Nature documentaries in VR ‘boost moods and alleviate boredom’, study finds


Watching David Attenborough documentaries on TV and through a virtual reality (VR) headset can lift people’s moods, a new study claims.

UK researchers found that playing people scenes on TV from Attenborough’s Blue Planet II documentary alleviated sadness and reduced boredom. 

Underwater scenes viewed through an immersive VR headset were the most effective at boosting positive feelings and happiness, meanwhile.  

Experiencing nature in VR could have even larger benefits than simply watching on TV, such as boosting positive feelings and increasing people’s connection to the natural world.

The new study could have important implications for populations facing extended periods at home, including lockdowns as part of a second wave of Covid-19 infections.

A still from Blue Planet II, which participants watched on TV. The show minimised negative feelings such as sadness, as well as significantly reducing boredom, but scenes were even more effective when viewed through a VR headset

‘Our results show that simply watching nature on TV can help to lift people’s mood and combat boredom,’ said study author Nicky Yeo at the University of Exeter. 

‘With people around the world facing limited access to outdoor environments because of Covid-19 quarantines, this study suggests that nature programmes might offer an accessible way for populations to benefit from a dose of digital nature.’

Under laboratory conditions, researchers induced feelings of boredom in 96 participants by asking them to watch a video in which a person describes their work at an office supply company.

They then viewed scenes of an underwater coral reef in one of three different ways – either on TV, through an HTC Vive VR headset using 360-degree video or in a HTC Vive VR headset displaying computer-generated graphics.

All three conditions were designed to present participants with a ‘dynamic underwater scene’ complete with colourful fish, corals and a turtle. 

Still from the 360-VR condition, featuring scenes from Attenborough's Blue Planet II not publicly broadcast

Still from the 360-VR condition, featuring scenes from Attenborough’s Blue Planet II not publicly broadcast

Aquaria and tropical fish are good at promoting positive emotions and are regularly used in a range of health-care settings and retirement homes, previous research has found. 

The first two conditions used footage from the BBC Blue Planet II series, some of which has never been publicly broadcast. 

Meanwhile, the third VR condition consisted of a computer generated ‘off-the-shelf’ underwater experience, called TheBlu: Reef Migration.

This programme places the participant on an underwater ledge among corals, anemones and small colourful reef fish. 

Also in the third condition, the participants interacted with the virtual computer-generated fish and corals using HTC Vive handheld controllers, to bolster feelings of immersion along with the headset. 

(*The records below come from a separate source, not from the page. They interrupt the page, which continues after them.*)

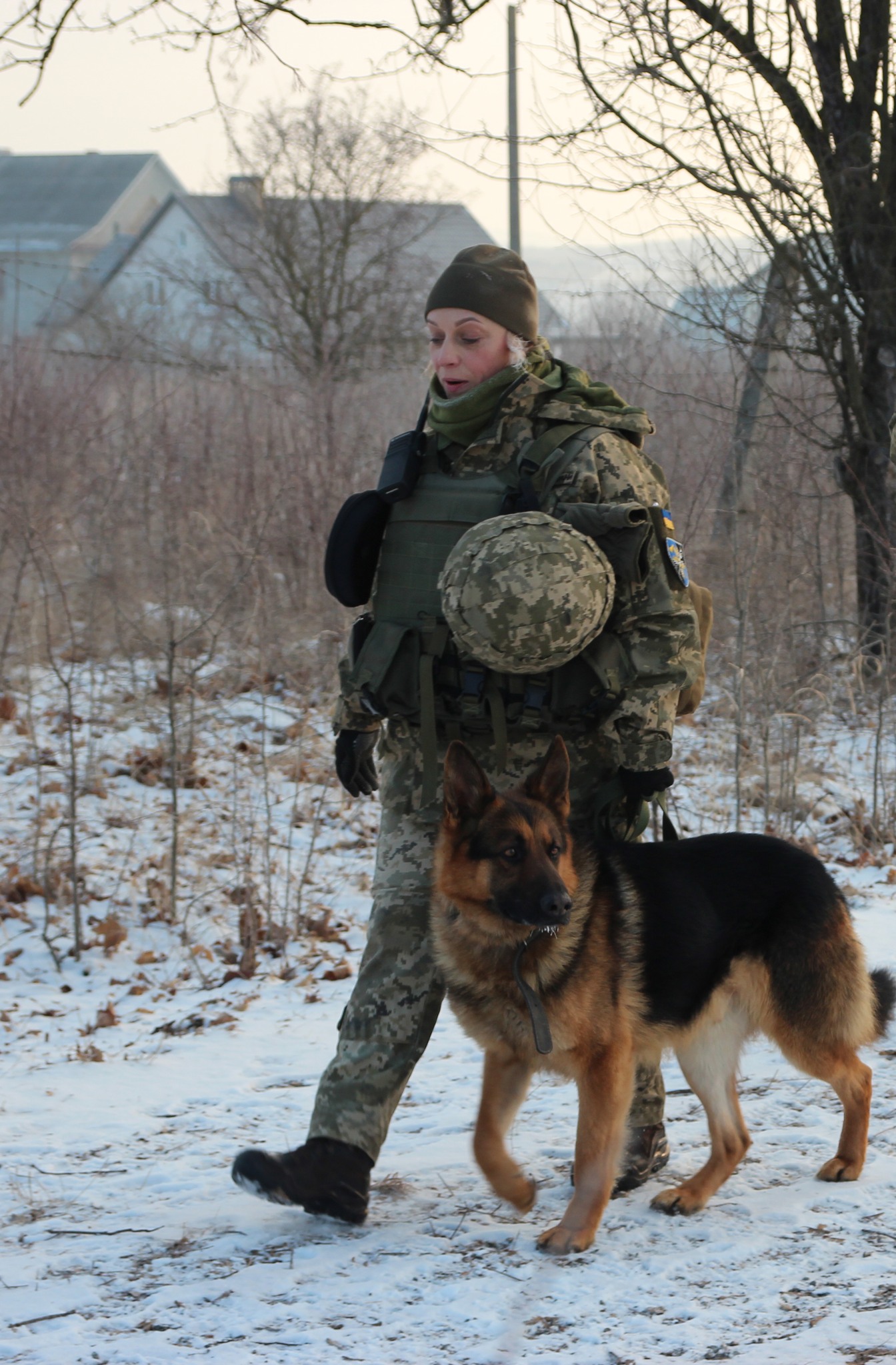 - За час служби довелося працювала із двома службовими собаками. До армії із тваринами не працювала, та це мені не завадило налаштувати контакт із майже усіма собаками, що є в частині, - розповідає Олена, - Перший мій чотирилапий помічник «Арма», вона була для розплоду. Потім тренувала «Оскара». Це прекрасна службова собака, справжній помічник для сапера. Він навчений на тротил, пластид та тен. З ним і їздила на війну.
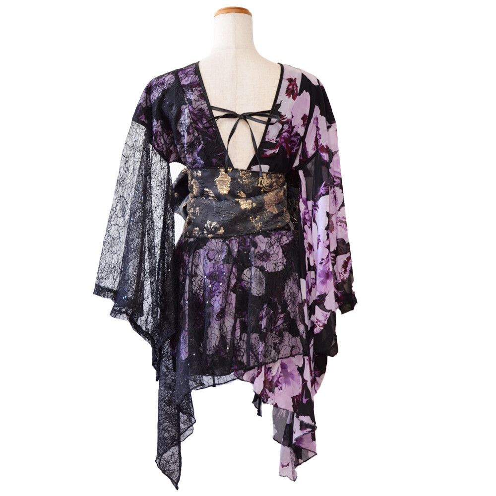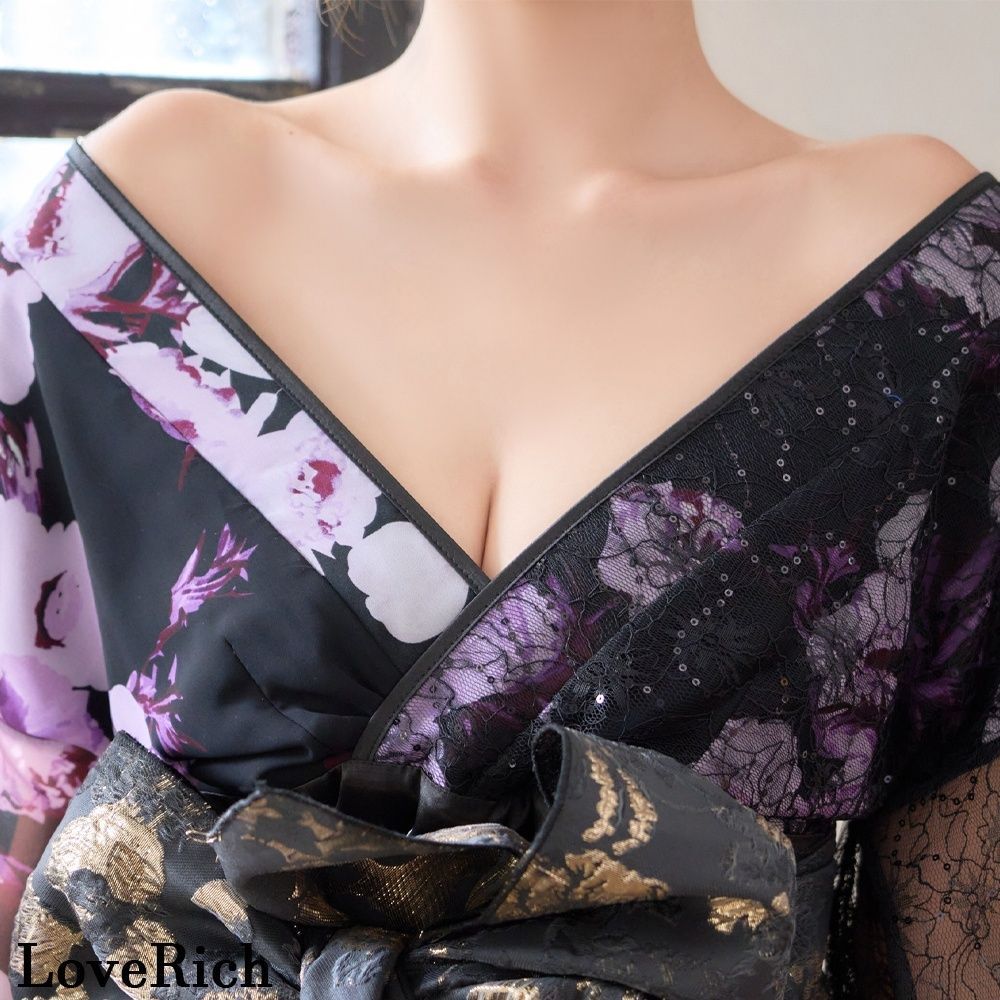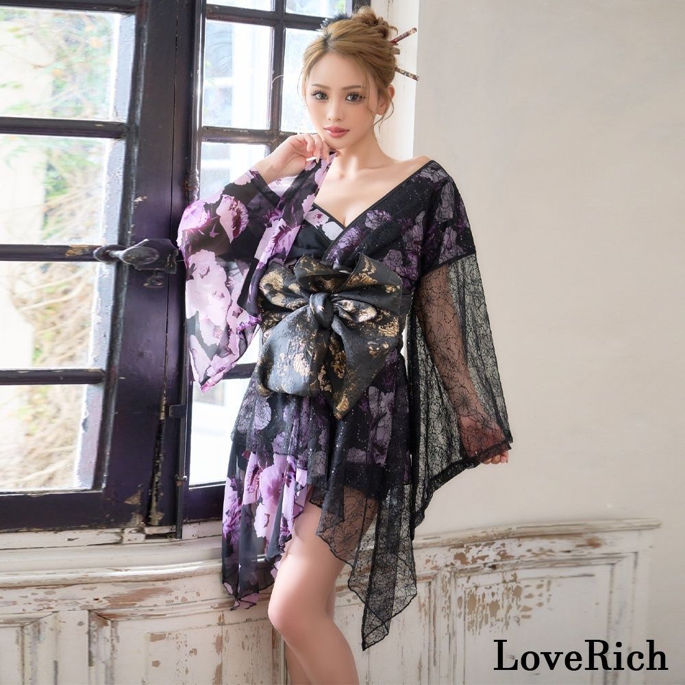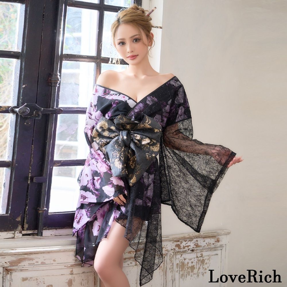艶花スパンコールレース 花柄 シフォン ミニ 豪華 帯 花魁 着物 ドレス コスプレ ハロウィン キャバドレス [1558]
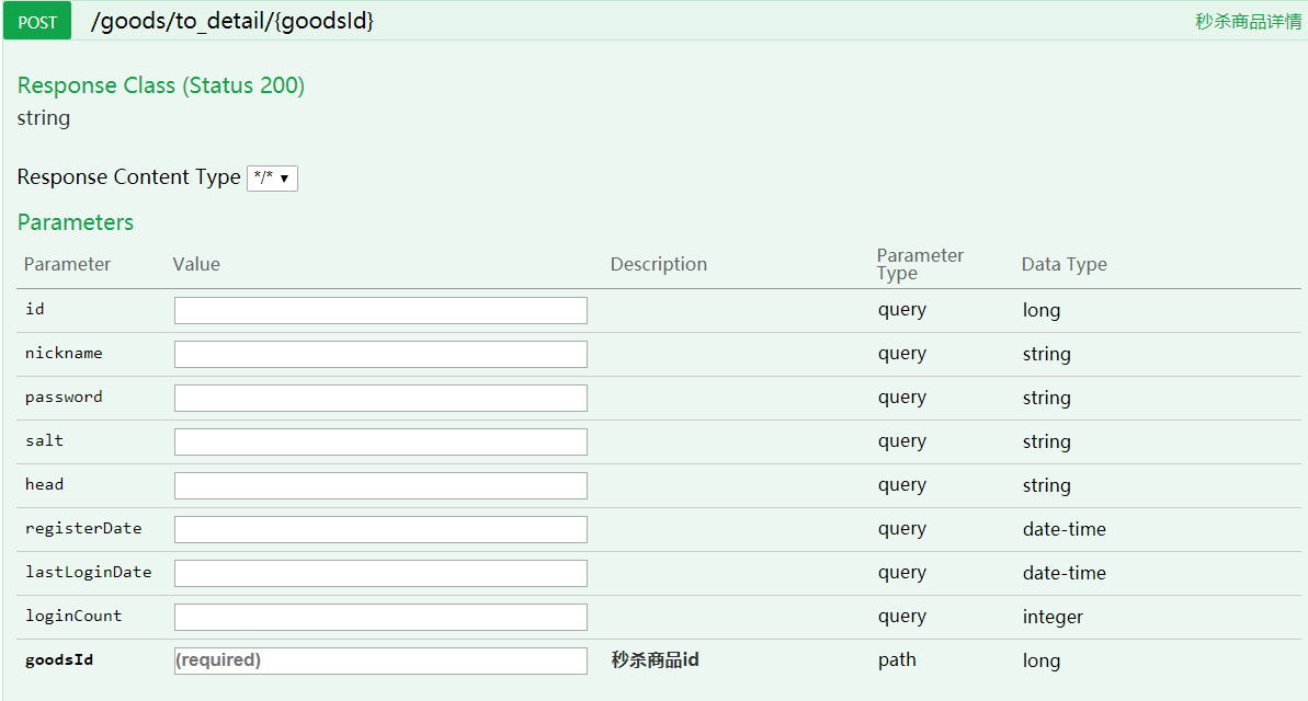 @ApiOperation(value = "秒杀商品详情") @ApiImplicitParam(name = "goodsId", value = "秒杀商品id", dataType = "long", paramType = "path", required = true) @RequestMapping("/to_detail/{goodsId}") public String detail(Model model, MiaoshaUser user,@PathVariable long goodsId) {
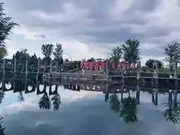 One of the most striking features is the series of continuous circular arches made of gray bricks. These arches are not merely decorative—they are layered and strategically spaced, forming a unique tunnel full of perspective and depth. Walking through them feels like traversing a time corridor leading to an unknown world. Each arch frames a different view, creating a magical experience where the scenery changes with every step. From a distance, the arches, reflected in the water, form a serene yet dynamic picture alongside the clouds in the sky and the surrounding greenery and flowers. This design not only skillfully utilizes spatial depth but also imbues the entire scene with a distinct artistic atmosphere, as if the garden designer is telling a story about the harmonious coexistence of architecture and nature.
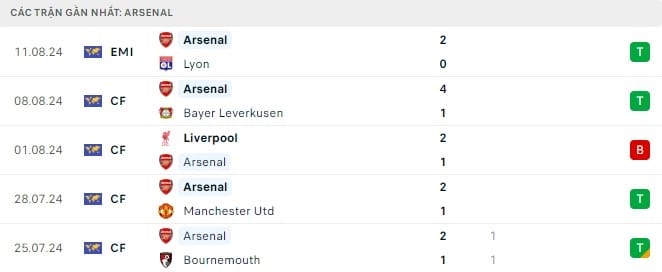 Arsenal chỉ nhận duy nhất 1 thất bại trong loạt giao hữu trước Liverpool. Nhưng khi trở về Emirates, đội chủ nhà đã chiến thắng đầy thuyết phục trước Leverkusen và Lyon. Sân nhà vẫn là điểm tựa vững vàng cho đội bóng Bắc London.
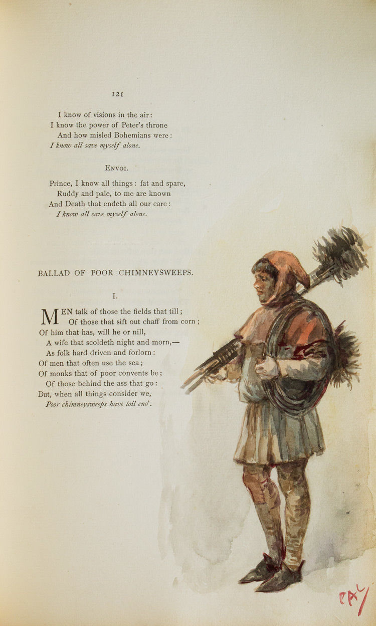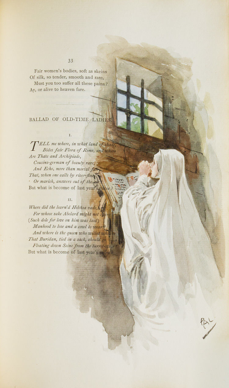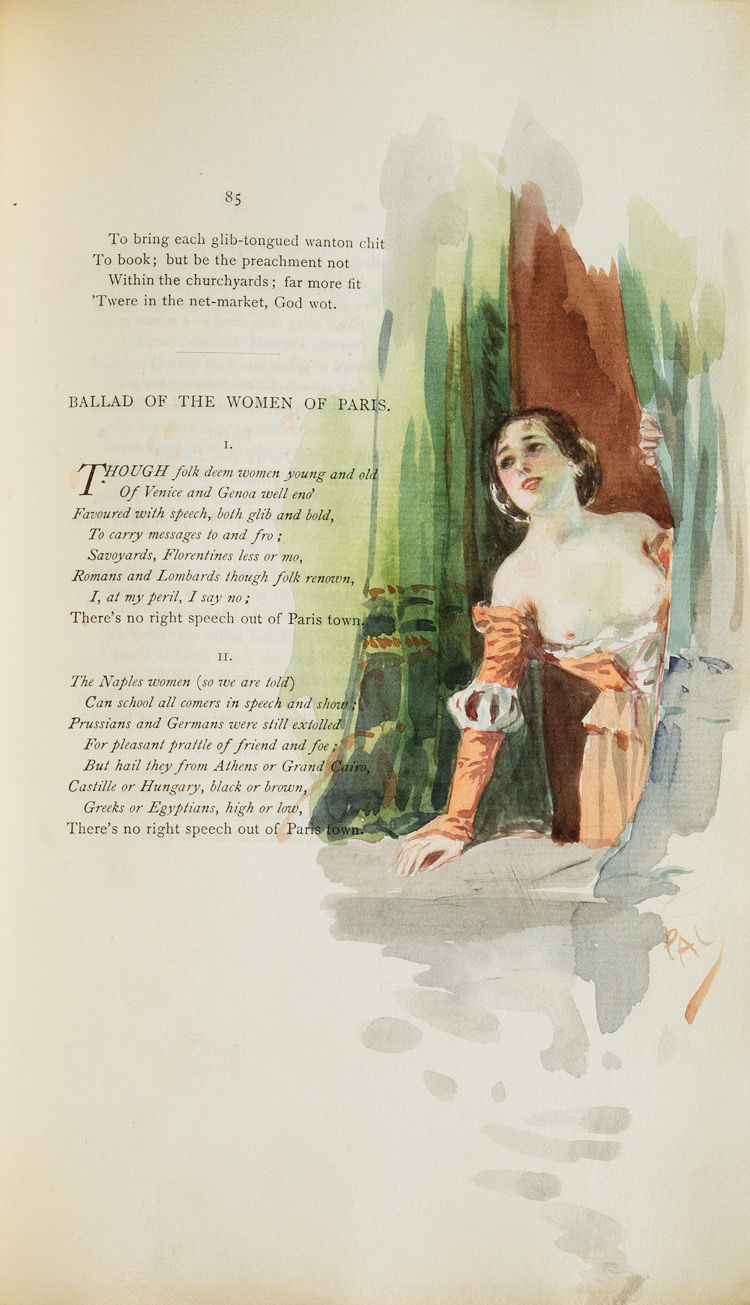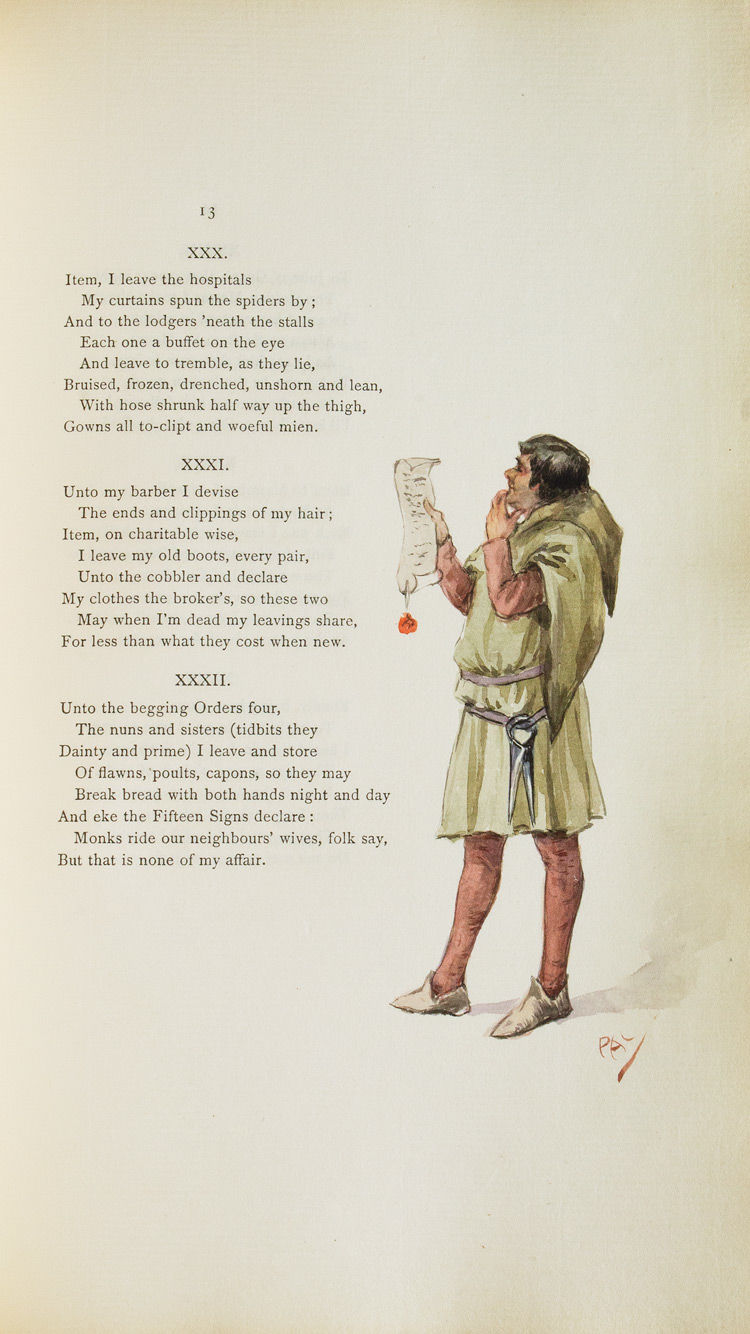 London: Printed by the Villon Society by Private Subscription and for Private Circulation Only, nd. Number 35 of Large Paper Issue. frontis. cvi, 158, [2]pp. 4to (11 x 7-1/4 inches). Bound in full morocco, full morocco doublures, t.ew.g., rest uncut, by Lortic Fils (after 1891). Number 35 of Large Paper Issue. frontis. cvi, 158, [2]pp. 4to (11 x 7-1/4 inches). With 15 full page portraits inserted at the front including Baudelaire, Dumas, etc. With 8 watercolours by Jean Paleologue (1855-1942) and signed PAL including a portrait of Villon.
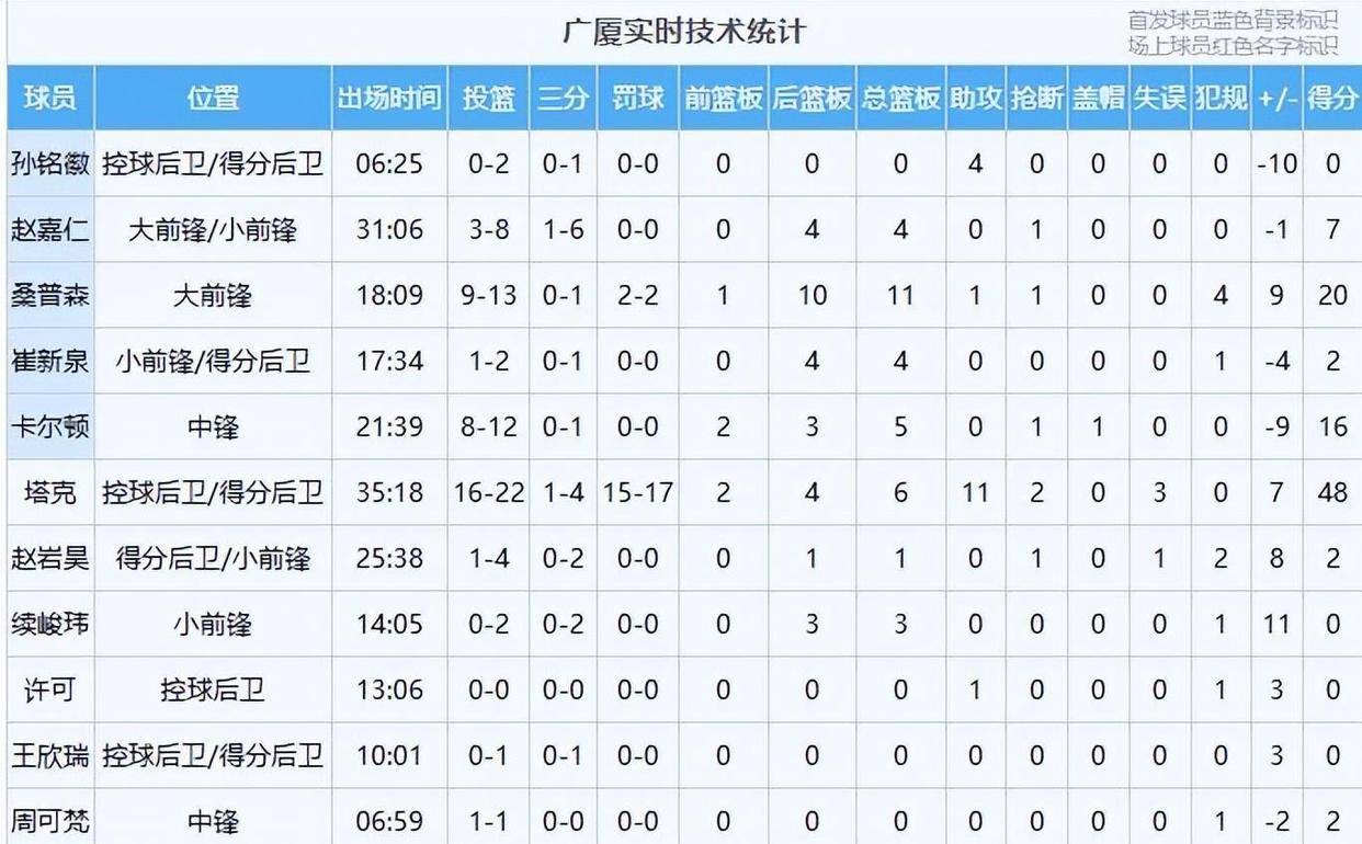 这场比赛的数据也透着古怪,广厦队几乎靠外援打天下,塔克一人就轰下48分11助攻,桑普森20分11篮板。

Still from the third immersive computer generated VR condition. Participants in this condition interacted with the virtual computer-generated fish and corals using HTC Vive handheld controllers while wearing the HTC Vive headset

Still from the third immersive computer generated VR condition. Participants in this condition interacted with the virtual computer-generated fish and corals using HTC Vive handheld controllers while wearing the HTC Vive headset

A man wearing a Vive VR headset, manufactured by HTC. Interactive VR experiences that use the controllers as well as the headset increases positive feelings, the study suggests

A man wearing a Vive VR headset, manufactured by HTC. Interactive VR experiences that use the controllers as well as the headset increases positive feelings, the study suggests

The researchers found that all viewing methods minimised negative feelings such as sadness, as well as significantly reducing boredom.

However, only the third ‘interactive’ VR experience led to increases in positive feelings, such as happiness, and strengthened how connected people felt to nature.  

The findings support initiatives seeking to bring the therapeutic potential of nature to people at home, such as BBC Four’s recent Mindful Escapes series.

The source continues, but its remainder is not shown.